Jokes are meant to be funny, not literary. Herewith are some examples which you, dear readers, are free to use.
One of my colleagues stopped me in the hall and began, matter-of-factly, telling me a story. Before I knew what was happening, I realized I was listening to a joke.
I must say it has been a long time since anyone told me a joke. Back in April the popular public-radio show on Saturday evenings, "A Prairie Home Companion," devoted its entire two hours to the lost art of joke-telling. One joke after another -- good, bad and indifferent. Ethnic jokes. Traveling salesmen jokes. Knock-knock jokes. Fat-lady jokes.
Out of this nonstop recitation, I only remember one joke. I've told it to several people, and they all laughed. Well, not all. One listener got this pained expression but has retold the joke dozens of times, I'm told.

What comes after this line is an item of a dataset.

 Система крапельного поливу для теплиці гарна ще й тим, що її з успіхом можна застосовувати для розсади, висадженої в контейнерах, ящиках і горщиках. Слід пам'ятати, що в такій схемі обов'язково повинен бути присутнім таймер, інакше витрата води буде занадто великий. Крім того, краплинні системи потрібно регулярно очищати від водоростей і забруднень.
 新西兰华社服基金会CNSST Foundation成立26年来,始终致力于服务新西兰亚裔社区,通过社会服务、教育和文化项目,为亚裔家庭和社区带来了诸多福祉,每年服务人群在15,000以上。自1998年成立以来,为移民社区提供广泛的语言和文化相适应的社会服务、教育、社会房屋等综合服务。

When I was growing up, telling jokes was an art form. Children told jokes. Teen-agers told jokes. Adults told jokes. Preachers told jokes. The barber told jokes you were embarrassed to tell again. Men told each other jokes they wouldn't tell their wives.
It was not uncommon, in those days, to hear the familiar phrase, "Say, did you hear the one about... ?" You don't hear that much any more. There are a handful of joke tellers hereabouts who do their best to keep the tradition alive. Chuck McGinty knows more jokes than diamonds have facets. And the Rev. Larry Gallamore and Dr. Richard Martin frequently enliven a certain local civic club with their quick wit from time to time. I'm told there are a lot of Methodists and a lot of people with allergies who are used to this. God had a sense of humor, you know -- he made men and asses in the same week, and there are some theologians who suspect he got a mite mixed up. And the old chestnut that humor is the best medicine still hasn't been overturned by the Food and Drug Administration. Yet.

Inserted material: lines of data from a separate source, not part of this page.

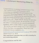I dont know if this is accurate. I know two people who are up this round and they havent received anything (been off patrol for a long time). Also I thought they didnt do emails for Lt mentoring...just transfers. Could be new I guess. Just looking to confirm.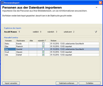Der Dialog öffnet sich mit einer tabellarischen Übersicht mit genau denjenigen Personen aus der Bilddatenbank, die in pixafe Family noch nicht existieren, um diese als neue Personen zu übernehmen.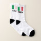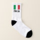 Italian pride flag of Italy personalised sport socks. Flag of Italia design with personalised monogram letters. Add your own name, monogram initials, funny quote, saying or slogan. Cool clothing accessories for sports events, national holidays, heritage reunions etc. Novelty Birthday gift idea for him or her. Create your own white tennis socks for workout, gym, fitness, athletics, soccer, basketball and more. Available in small and large sizes for men, women and kids. Tricolore flag with black lettering. Customisable with your own flag, logo or funny graphic. Promotional wear for personal use, company or business.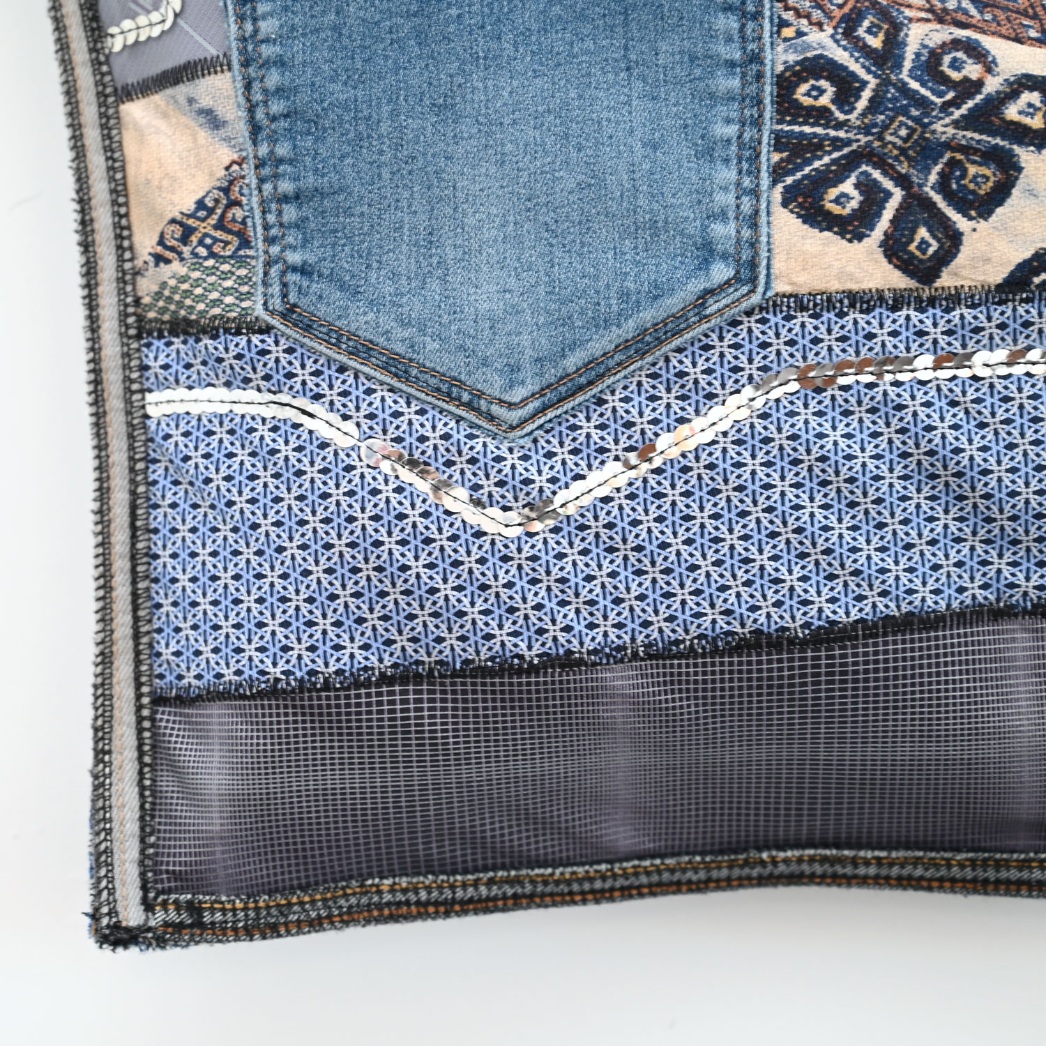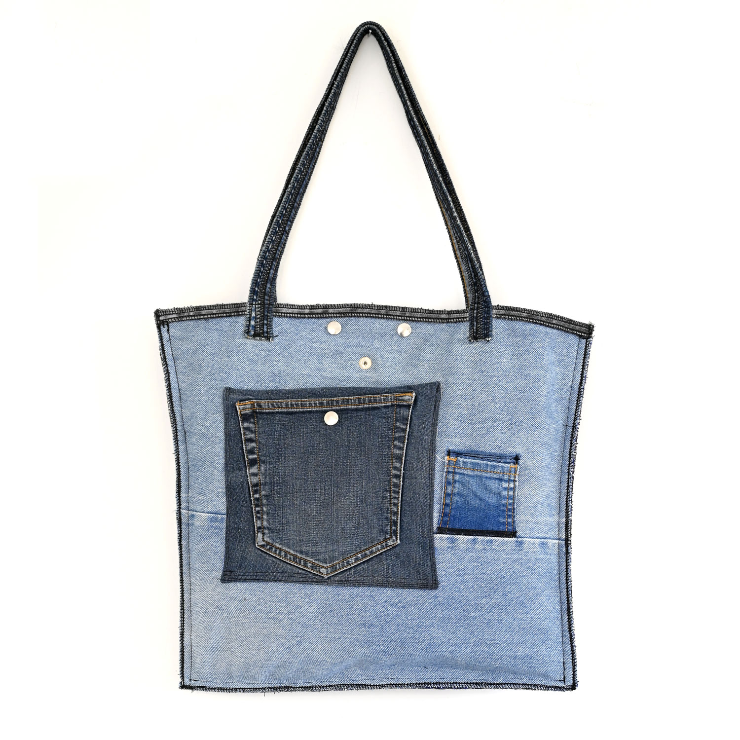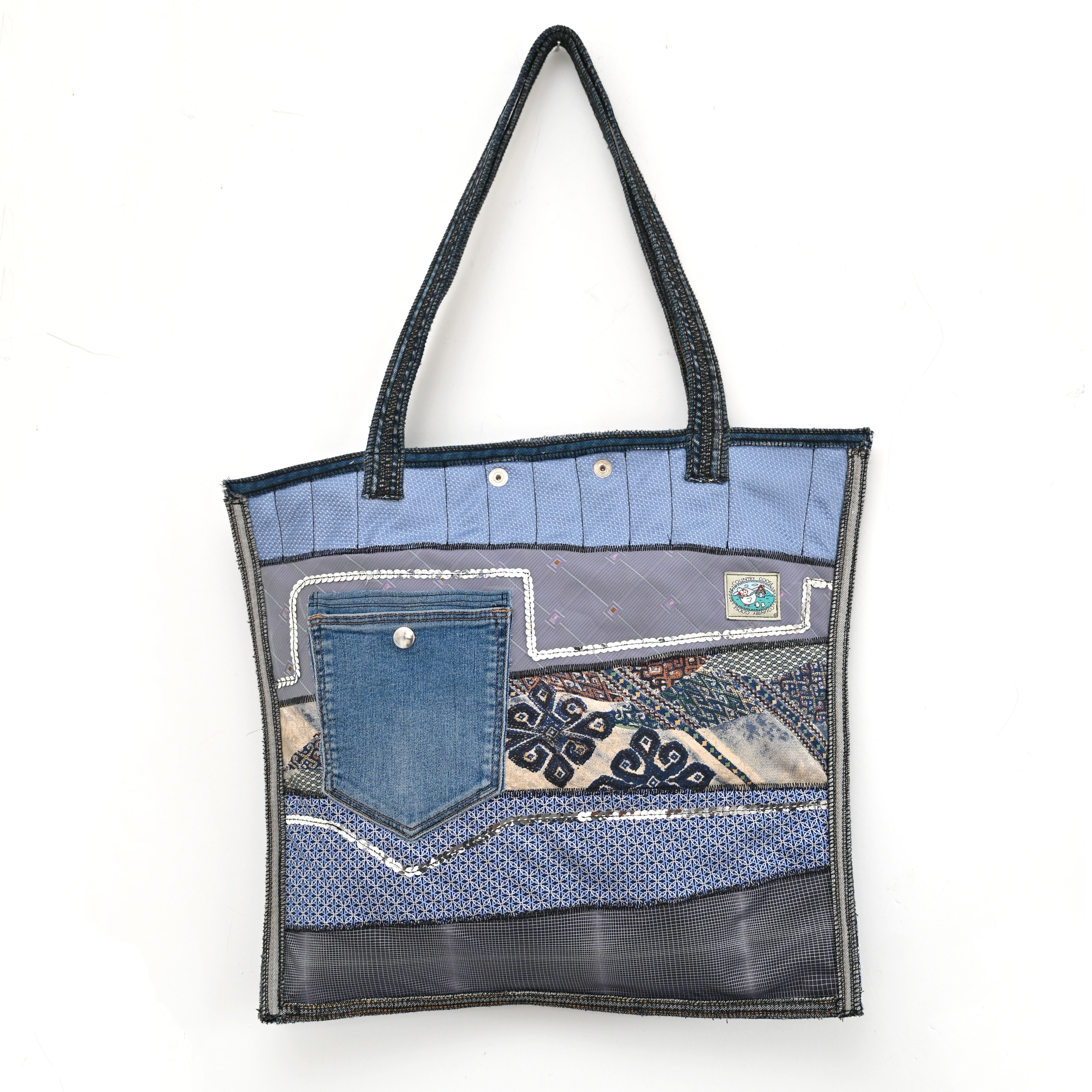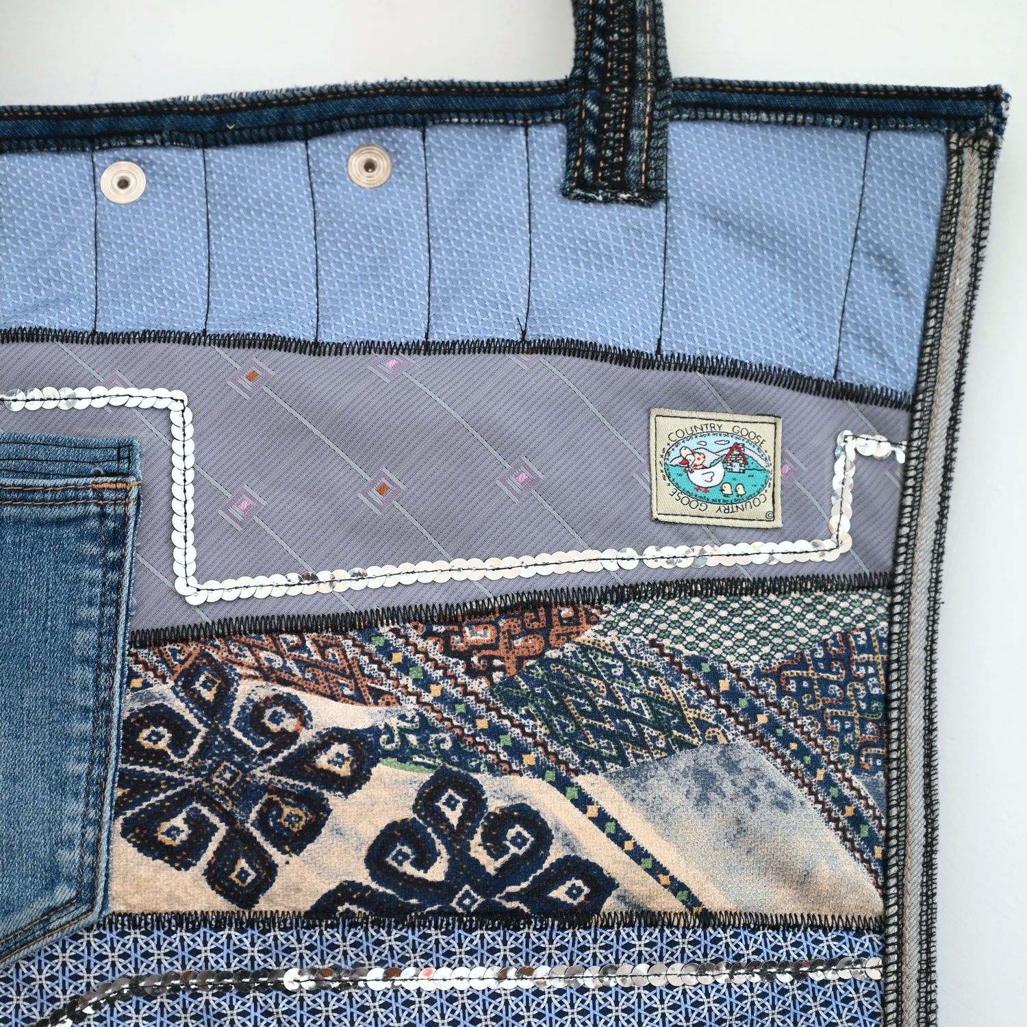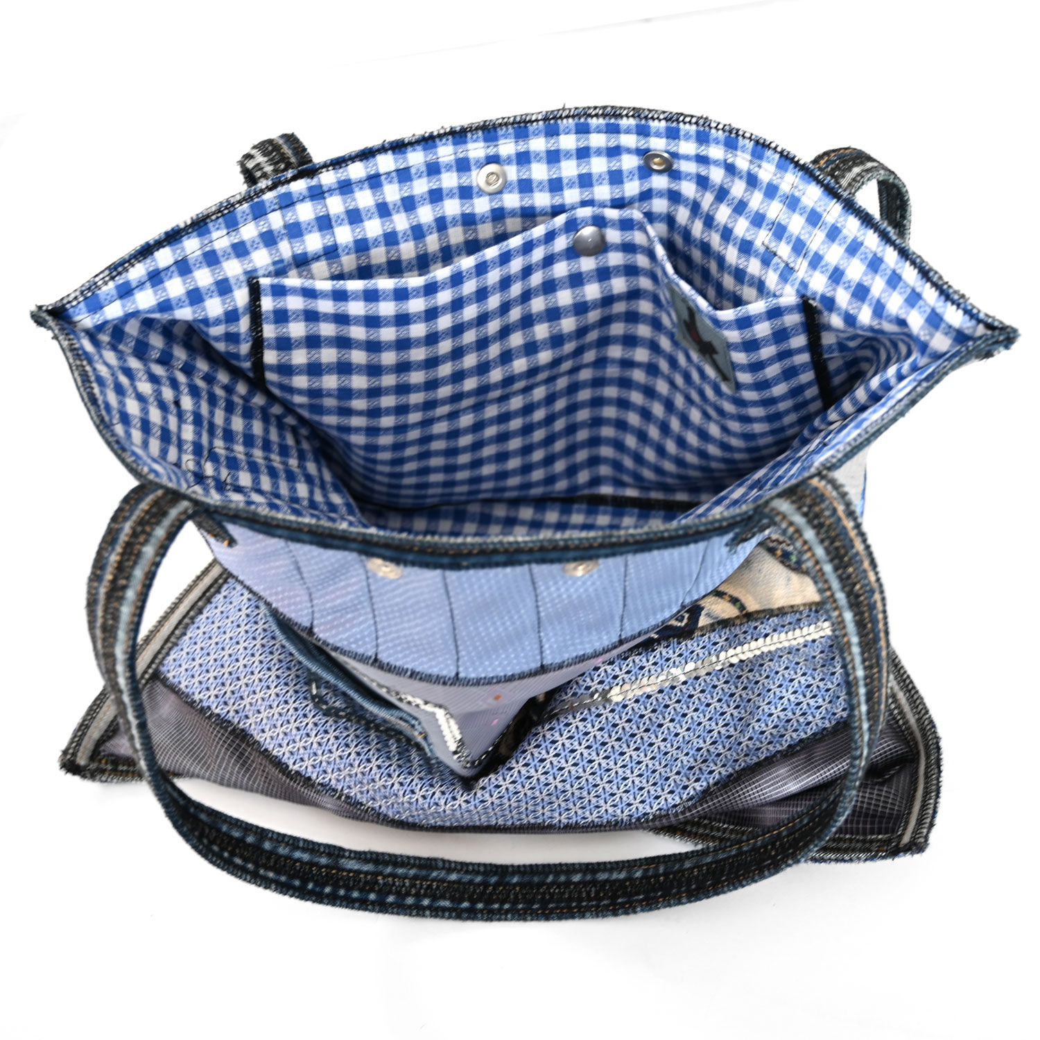 Velika torba od recikliranih kravata i džinsa, podstavljena, s tri vanjska i jednim unutarnjim džepom.

I am a great audience for jokes. I'll laugh at almost any joke, even the bad ones, because I admire the telling of the story and the attempt to deliver a punch line effectively. Sometimes a poorly told joke is funnier because of the telling process.
So here was my colleague, standing in the hall, telling me a joke. It was a joke you could tell anywhere, even your Sunday school class. I'd like to see more people tell jokes. Over on Kelo Valley we used to say that sometimes you need to prime the pump. To that end I am going to share both jokes, the one I remember from the radio show, and the one my colleague told me. Try telling them to anyone who will listen, and pretty soon there may be an avalanche of jokes around here. Give it a try.

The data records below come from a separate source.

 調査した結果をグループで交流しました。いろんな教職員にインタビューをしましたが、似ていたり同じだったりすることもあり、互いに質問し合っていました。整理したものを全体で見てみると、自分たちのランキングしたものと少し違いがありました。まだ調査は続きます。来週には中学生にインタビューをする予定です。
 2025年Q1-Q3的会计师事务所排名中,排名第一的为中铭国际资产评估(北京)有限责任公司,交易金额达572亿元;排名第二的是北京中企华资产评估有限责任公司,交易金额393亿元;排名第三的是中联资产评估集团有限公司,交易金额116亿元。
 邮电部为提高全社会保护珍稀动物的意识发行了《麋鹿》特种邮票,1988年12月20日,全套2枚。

OK. Here's my colleague's joke:
A man thinks his dog has died, but he isn't sure. So he calls the vet to come check the dog. The vet comes and looks at the dog and tells the man the dog is dead. But the man wants the vet to be absolutely certain. So the vet goes to his car and gets a cat out of a box. He puts the cat next the dog, and the cat smacks the dog's nose with its paw. Then it runs over the dog, first from head to tail and then from side to side. The vet puts the cat back in its box and tells the man he is absolutely certain the dog is dead. The man asks, "How much do I owe you?" "$2,060," replies the vet. "What? How can it be that expensive?" "Well," says the vet, "it's $60 for my fee and $2,000 for the cat scan."
Ba-boom.
OK. Here's the joke I heard on the radio:
A chicken walks into the public library and says to the librarian, "Bo-o-o-ok!" The startled librarian looks at the chicken and says, "What did you say?" "Bo-o-o-ok!" replies the chicken. "Oh, you want a book." So the librarian gives the chicken a book, and it leaves. Later, the chicken comes back and walks up the librarian. "Bo-o-o-ok! Bo-o-o-ok!" The librarian is taken aback but figures out the chicken wants two books. So she gives the chicken two books, and it leaves. Later, the chicken comes back and says, "Bo-o-o-ok! Bo-o-o-ok! Bo-o-o-ok!" So the librarian gives the chicken three books, and it leaves. The librarian thinks to herself, "You know, I've never seen a chicken read a book. I think I'll follow that chicken and see what it's up to." So the librarian finds the chicken walking down the road with three books under its wings. She follows the chicken for a ways, and then the chicken turns off into the swamp. So the librarian follows the chicken into the swamp, and the chicken goes up to a big bullfrog and puts down the three books. The bullfrog looks at the books and says, "Read-it! Read-it! Read-it!"
Ba-boom.
There you go. The rest is up to you. And if you see me out and about and want to tell me a joke, I'll gladly listen. Any time. Thanks.
~R. Joe Sullivan is the editor of the Southeast Missourian.